Others keep that stubborn donkey moving by dangling a carrot on a stick in front of his nose. “Keep going and you’ll be rewarded by getting to munch on this big juicy carrot!” So “close that sale/pass that test/ make your partner moan and groan and you’ll be a hero, a success. Everyone will love you.”
I have always favored the carrot form of motivation myself. Could you tell? I motivate myself, my family and friends, and my clients by reminding me or them of the rewards to be had by doing whatever it is. For instance, I have always known the unpleasantries ofsmoking because my mother never failed to tell me that I smelled like a dirty ashtray. This was years before smoking was targeted as a health hazard and years after I was suspended from boarding school for smoking. I smoked from the age of 14 until my mid-forties. I couldn’t even imagine being a non-smoker.

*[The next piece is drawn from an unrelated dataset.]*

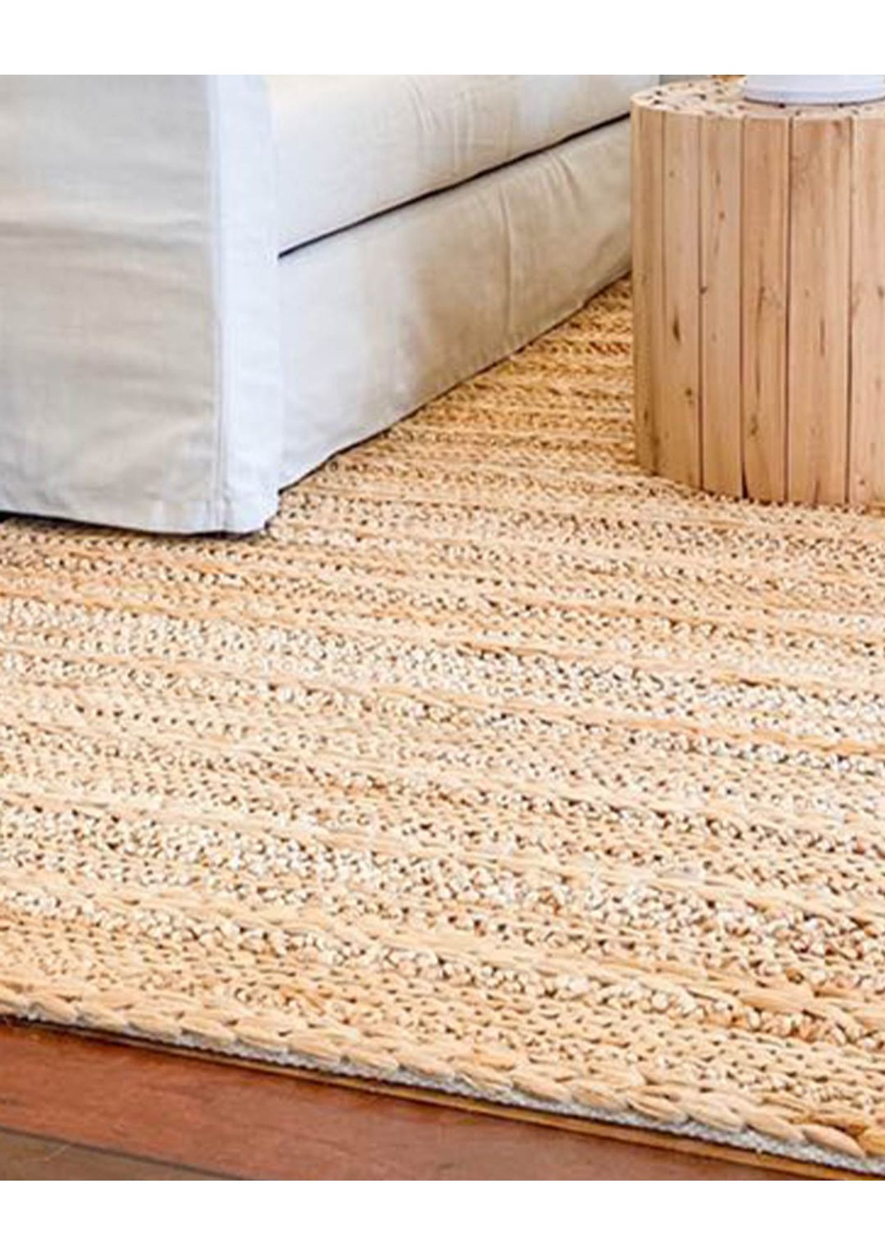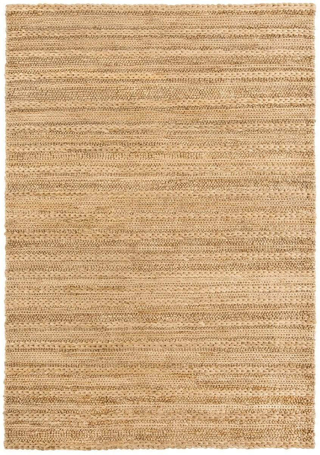 Designed in-house exclusively for the Miss Amara Collection, Eboni is a chunky jute rug featuring a natural tan colour palette. A truly unique design piece, Eboni has been constructed using a combination of traditional rug techniques. Handwoven in India by skilled artisans, the threads have been looped and braided to create a stunning linear design with loads of texture.Made from a blend of eco-friendly jute and natural cotton, Eboni has a natural, silky tactile feel and heroes the beautiful natural colour variations of the undyed jute fibres. This product is lovingly handmade by skilled artisans and as such may encounter variations in pattern and colour which may vary from the images shown, this is entirely normal and part of the inherent nature of the production techniques. The size may also vary up to 5% in length and width due to natural variations in materials.

In the 1980’s I had a radio show on KRQR in San Francisco. I answered callers’ questions on sex and relationships and I also read the commercials. One of which was for a non-smoking program. Of course I smoked all during the two hours including the times I read the commercials. “You too (puff) can stop smoking (puff). It’s easy (puff).”
A listener wrote me a letter saying essentially that everyone could hear me smoking when I read the commercial copy. How could my listeners believe anything I said if I was so two-faced? Wasn’t I embarrassed? Reading that letter I was, and for the first time ever I seriously thought about quitting. Not because it was unhealthy, not because everything I wore including the hair on my head smelled unattractively of stale smoke, not because the habit was becoming increasingly expensive, although these were all good reasons, but because I thought of myself as a sex and relationships educator and I wanted to be a credible source of information.
Two weeks later I quit cold turkey and for good. Embarrassment is a damn good motivator too. But it was mostly that I had a great deal invested in my role as an educator and that was my motivation, my carrot, that I would be seen as someone who could be counted on to be honest.
When a counseling client tells me she is afraid of reaching out to new people or isn’t enjoying sex with his or her sweetheart I tell them how they’re internal dialogue must be going: “There’s an attractive person I could go over and talk to. But what if s/he rejects me? After all I have crooked teeth and I probably have a stain on my shirt and there are many more attractive people here so why would s/he talk to me.” In bed a person might say “I have to acquit myself admirably. I must or my lover will lose interest, joke about me to friends, tell everyone what a dud I am, probably even leave me!”
Clients invariably smile in recognition. People who consistently scare themselves or berate themselves often accompanied by insulting nicknames are easy to spot. A habit like this undoubtedly started as a kid and is deeply ingrained but like any habit, even smoking, you can change it. Be kinder to yourself and speak to yourself as you would to a dear friend. If you can’t be a friend to yourself who else will be?
Notice how your internal dialog goes when next you are faced with some task. Is it “you can do it” or “you better not fail”? Do you use your name, a private nickname, or an insult when you talk to yourself?
I strongly suggest you make some changes if you’re not satisfied with your internal conversations. Life will be a lot less stressful. You can do it, Kiddo, Ace, Cutie Pie. I know you can.